Late summer: a new fiction project, putting myself out there, spending yet another August mostly away from home

Once I tumbled into the second week of August, the start of the school year felt shockingly close. I think this was also the second August in a row where I spent more days out of town than at home. As an introvert who loves hanging out at home with my plants, this was exhausting, and yet I wouldn’t do a thing differently. Maybe because of the three trips I took in August, all of them involved the beach.

For the second year in a row, I headed to Maine in mid-August to do a writing retreat with my best friend and longtime (like, going back to the mid-1990s long time) writing buddy. He was working on a zine project between applying and interviewing for writing jobs, and I was bound and determined to (re)start the first draft of my next novel. It was a fantastic trip. Nice weather, a super restorative visit with an old friend, and finally a break in the dam with this new project.

Some photo highlights and memories include: sunrise as seen from the Amtrak NE Regional somewhere in New England, morning cortados in a Peter Rabbit mug, my new and very emotionally needy feline friend Jasper, biscuits, some lovely beach skies, and typing away on the couch with my hair yet-unwashed from a morning surf session in the spitting rain as a nor’easter rolled in.

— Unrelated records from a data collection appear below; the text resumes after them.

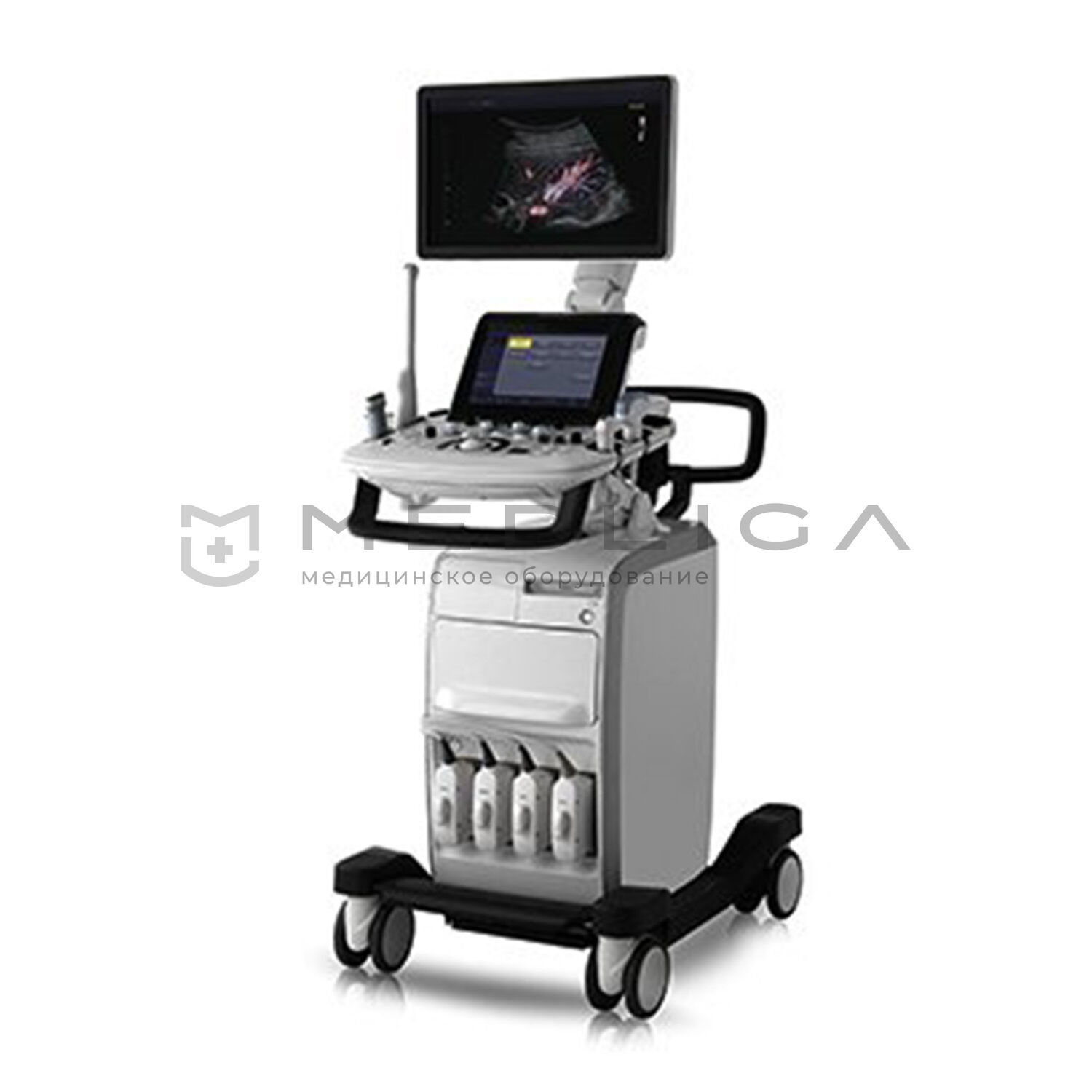 Передовые технологи визуализации и пост-обработки изображений, светодиодный LED монитор с широким углом обзора и сенсорная панель управления. Компактный дизайн позволяет разместить сканер возле постели больного для максимального удобства.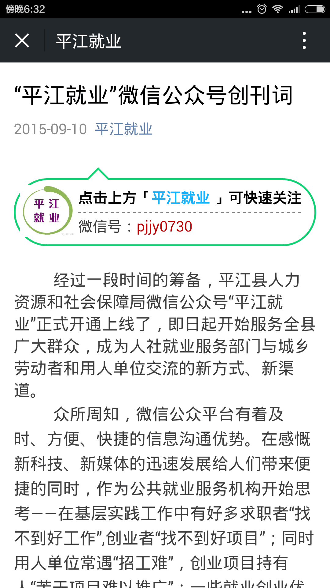 该微信公众平台是为促进平江就业创业而搭建的发布就业创业信息和提供就业创业服务的公益性综合平台。定期发布:招聘求职信息、职业指导信息、就业创业优惠政策、创业小知识、创业明星风采展示、创业项目库优秀创业项目征集、推介信息、创业孵化基地介绍、便民服务信息等。服务内容:免费提供人员招聘、职业技能培训、创业项目推介、政策咨询解答、职业指导服务、创业专家指导、小额担保贷款、创业一条龙等服务。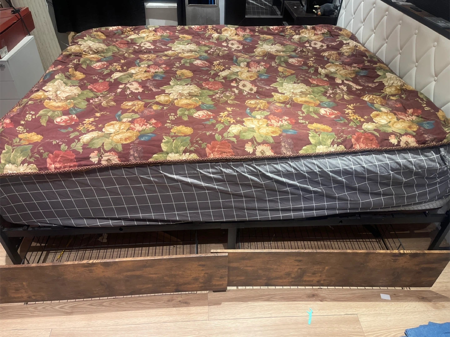 This is a lovely floral comforter set with a matching bed skirt. The comforter features a rich burgundy background with a beautiful all-over floral pattern. The bed skirt has a classic gray and white grid design. It's a great way to add a touch of charm plus 4 drawers to your bedroom!

Speaking of which, that felt like a real breakthrough for me. The surf was clean but/and kind of big, the skies were dark an ominous, and I was borrowing an unfamiliar and much-less-stable-than-my-own board from my friend. And yet. I didn’t catch any waves, but I proved to myself I could paddle out in it, handle myself safely, and paddle back in at the end. This felt instructive not just for surfing, but for writing and maybe life in general.

During my time at home in August, I did a few things to put myself out there and try new things and take risks — kind of a stretch for the introvert who likes hanging out at home with their plants. I joined our local winemaker‘s wine club, which prompted me to pick out wines I wouldn’t normally have chosen or tried. I signed up for a book swap and sunset cruise on the harbor even though I didn’t have a date. And I dyed my kid’s hair! With only YouTube and hours spent watching my own stylist do balayage highlights in my hair as a guide, I gave him purple tips that actually looked super cool and we both loved them. This also felt like a major “you know you’re the child of a 90s punk when…” moment. We were such rebels when we put Manic Panic in our hair!

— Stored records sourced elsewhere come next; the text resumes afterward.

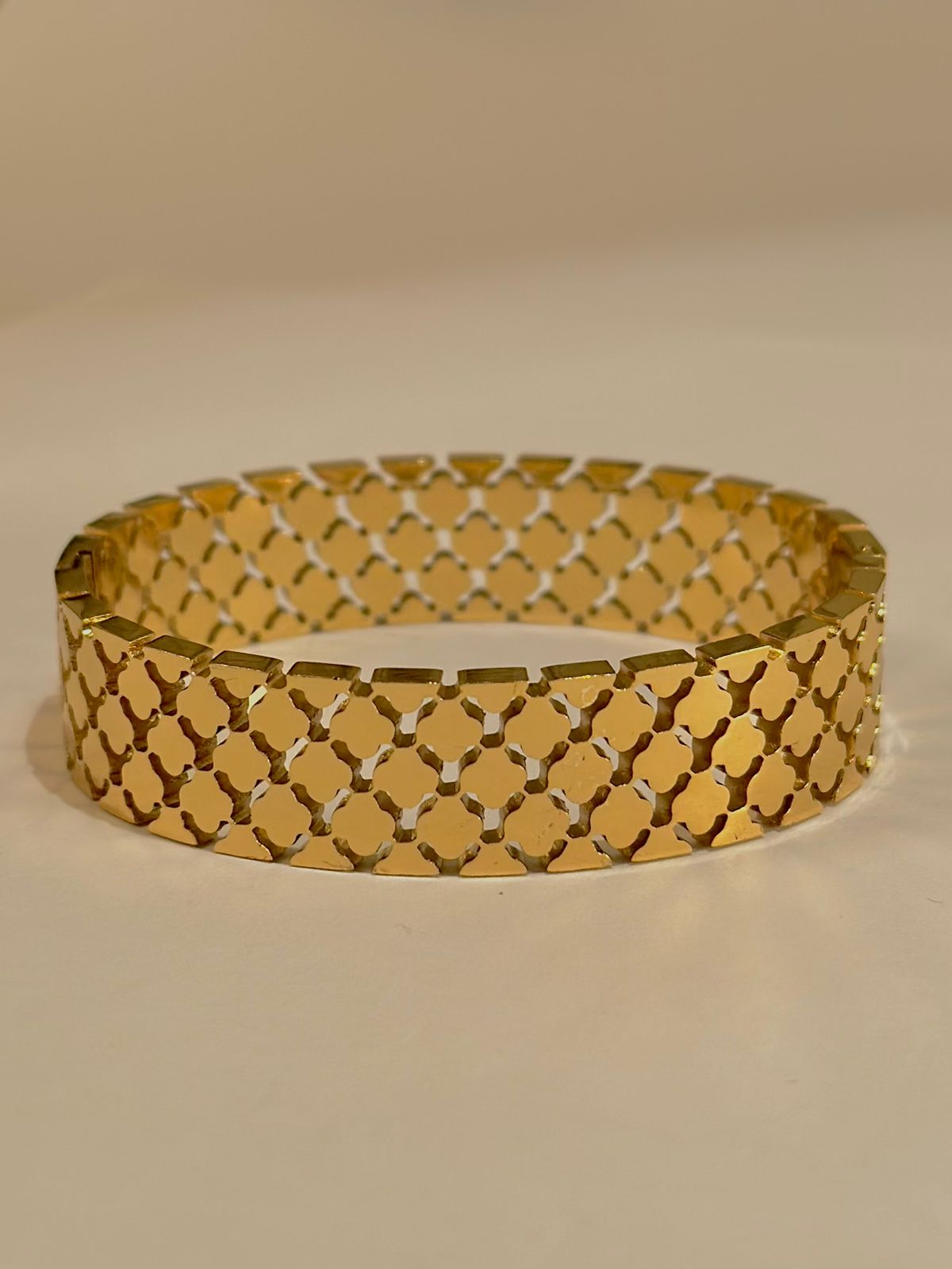 An icon of modern refinement, the Nola Cuff showcases an intricate geometric pattern sculpted into a wide, polished gold-tone band. Its architectural design reflects light with every movement, creating a statement that feels powerful, poised, and undeniably luxurious.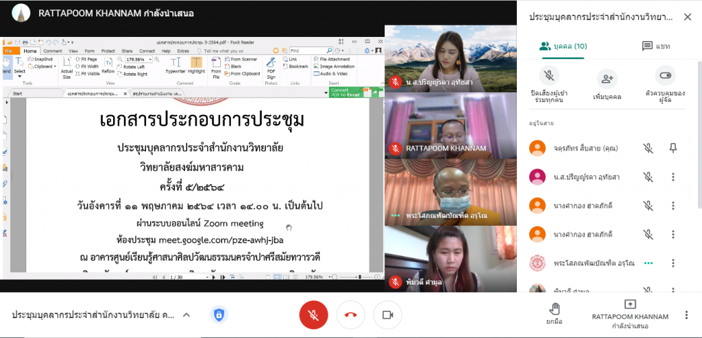 วันอังคารที่ ๑๑ พฤษภาคม ๒๕๖๔ เวลา ๑๔.๐๐ น. สำนักงานวิทยาลัย วิทยาลัยสงฆ์มหาสารคาม ได้จัดประชุมบุคลากรประจำสำนักงานวิทยาลัย วิทยาลัยสงฆ์มหาสารคาม ครั้งที่ ๕/๒๕๖๔ ผ่านระบบออนไลน์ Google meeting นำโดย พระโสภณพัฒนบัณฑิต, รศ.ดร. รักษาการผู้อำนวยการวิทยาลัยสงฆ์มหาสารคาม ได้เมตตาเป็นประธานในการประชุม โดยการประชุมในครั้งนี้ แต่ละส่วนงานในสำนักงานวิทยาลัย วิทยาลัยสงฆ์มหาสารคาม ได้รายงานผลการดำเนินงานในรอบวันที่ ๒๑ เมษายน – ๑๐ พฤษภาคม พ.ศ.๒๕๖๔ และได้รับฟังข้อปฏิบัติ ในการปฏิบัติงาน เพื่อให้บรรลุวัตถุประสงค์ในการทำงาน จากประธานในการประชุม พร้อมรับฟังข้อเสนอแนะจากผู้บริหารสำนักงานวิทยาลัย พระมหาประกาศ อาภากโร รักษาการรองผู้อำนวยการฝ่ายบริหาร และ นางสาวพิมวดี คำมูล ผู้อำนวยการสำนักงานวิทยาลัย เพื่อนำข้อเสนอแนะไปปรับใช้ในการทำงาน ให้มีประสิทธิภาพมากยิ่งขึ้น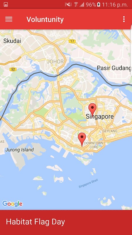 Voluntunity is a mobile app designed to connect volunteers to nearby organisations who need help. Users are shown a map with nearby volunteering opportunities marked. They can filter this list by interests and the relevant opportunities will show up on the map. Users can then select an opportunity to see short description of the organisation and what the opportunity entails, scheduling details, and a list of skills required as well as a link to the organisation's signup page. We have come up with a system where organisations rate the reputation and performance of each volunteer. This reputation score is tied to each user. For the organisations that actually host these opportunities, we will have a web interface to let them manage the opportunities they publish. From there, they can review the users that have sign ed up for each opportunity by looking at their reputation score and their list of skill-sets. After volunteers have finished their stints, organisations can rate them based on their performance. Organisations can also look for volunteers by searching for them. After filtering for skill-set and reputation, they will be shown potential volunteers' contact information. Volunteers and organisations have trouble connecting with each other, which is why we made this app. In future, we can work with MOE to integrate this for Values In Action tracking, as well as for volunteer organisations to streamline their registration process.

Despite a worsening drought, a few more big herb harvests fueled my newfound interest in herbalism and tincturing. I also discovered a place down the streethttps://goodneighborshop.com that serves truly amazing fruit bowls and have vowed to return as soon as possible.

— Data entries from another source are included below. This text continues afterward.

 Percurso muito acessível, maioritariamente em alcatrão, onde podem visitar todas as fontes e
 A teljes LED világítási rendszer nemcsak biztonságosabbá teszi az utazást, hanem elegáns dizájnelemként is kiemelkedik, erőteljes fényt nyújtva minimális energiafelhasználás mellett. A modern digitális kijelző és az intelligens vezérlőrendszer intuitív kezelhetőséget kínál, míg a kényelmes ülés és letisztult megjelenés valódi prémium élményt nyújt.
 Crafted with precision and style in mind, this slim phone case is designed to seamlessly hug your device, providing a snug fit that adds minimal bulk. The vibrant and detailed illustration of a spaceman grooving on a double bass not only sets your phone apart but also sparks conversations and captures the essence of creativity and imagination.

All told, it was kind of an epic summer! By the first day of school I was more than ready to return to a predictable, normal schedule. I spent Labor Day weekend visiting family, getting my last pool days in, and losing myself in a romance novel. Whew!

Hope your summer was memorable and exhausting and restful in all the right ways! I’d love to hear about anything you want to share in the comments.